Single by Melanie Martinez

from the album Cry Baby
- Released: July 10, 2015
- Recorded: July 2014
- Genre: Alt-pop
- Length: 3:29
- Label: Atlantic
- Songwriters: Melanie Martinez; Emily Warren; Kyle Shearer;
- Producer: Kyle Shearer

Melanie Martinez singles chronology
| "Pity Party" (2015) | "Soap" (2015) | "Sippy Cup" (2015) |

Music video
- "Soap/Training Wheels" on YouTube

= Soap (song) =

2015 single by Melanie Martinez

"Soap" is a song by American singer Melanie Martinez, featured on her (Note: Martinez uses she/her and they/them pronouns. This article uses she/her pronouns for consistency.) debut studio album, Cry Baby. The song was released along with a music video on July 10, 2015, as the second single of the album, and was serviced to Alternative radio stations in August. Co-written by Kyle Shearer, who produced the track, and Emily Warren, it was featured in the 2016 film Nerve.
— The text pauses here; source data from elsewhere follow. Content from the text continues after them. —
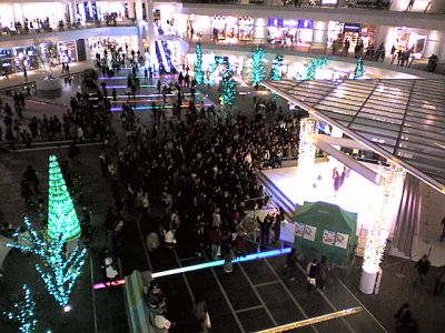 ルーファ広場の様子。SHOWTAのミニライブで人だかり。
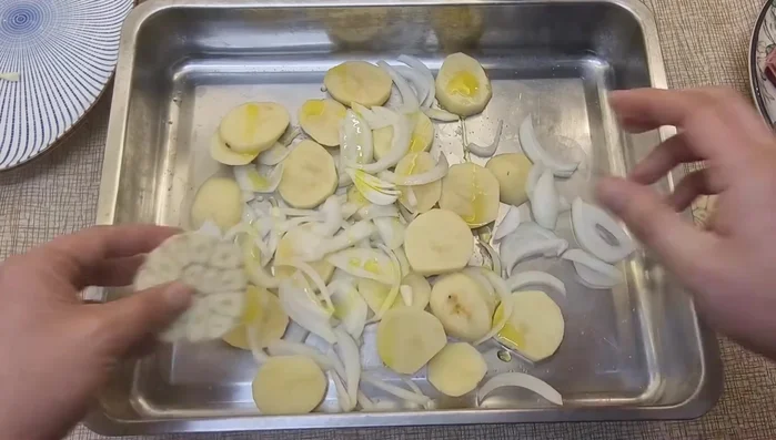 - Repartir las patatas y la cebolla en la fuente. Salpimentar ligeramente y agregar un chorrito de aceite.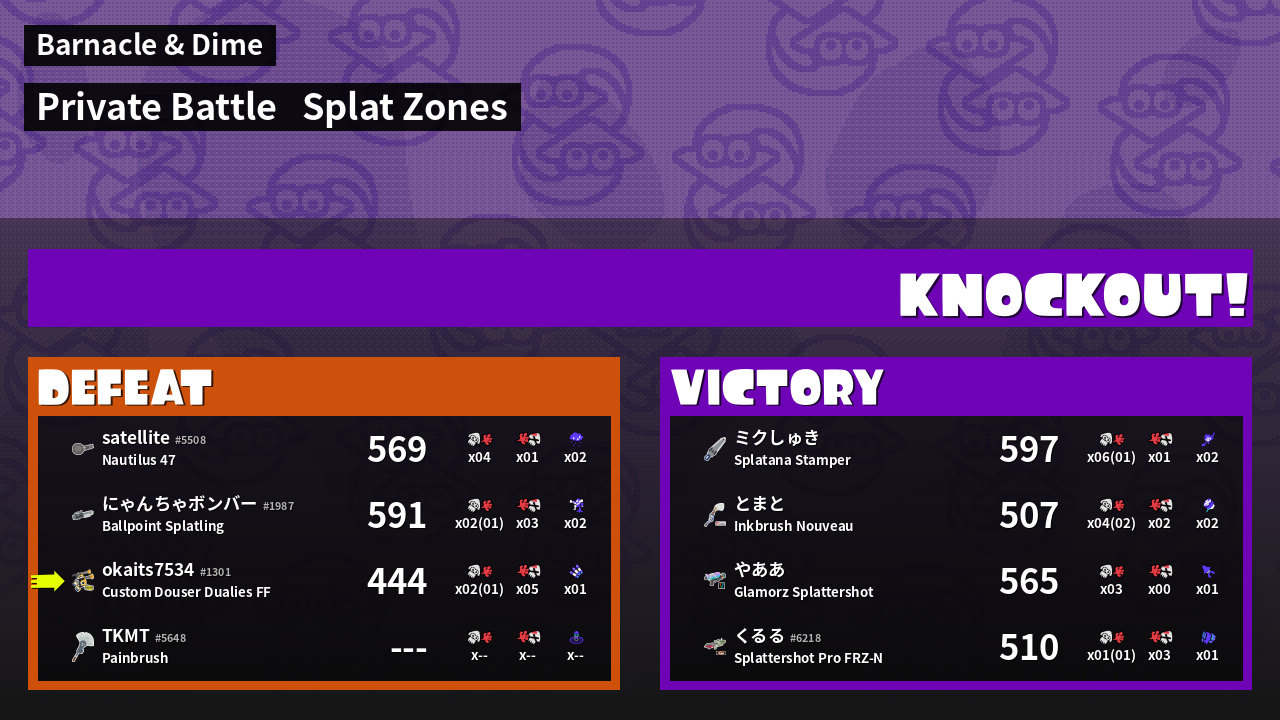 | Mode | Splat Zones - Private Battle | ||

==Background and composition==
In the interview with Elle, Martinez stated: "Soap was written about my current boyfriend when we were first talking, I felt too scared to say how I felt about him and thought if I told him it'd be like throwing a toaster in his bath. So I washed my mouth out with soap. I think anyone can really relate to this song. I'm sure there was a time in everyone's life where they felt too scared to say how they felt so they 'washed their mouth out with soap'. Everyone is allowed to be vulnerable. I think women and men and dogs and cats and ants and aliens can all express themselves and be vulnerable."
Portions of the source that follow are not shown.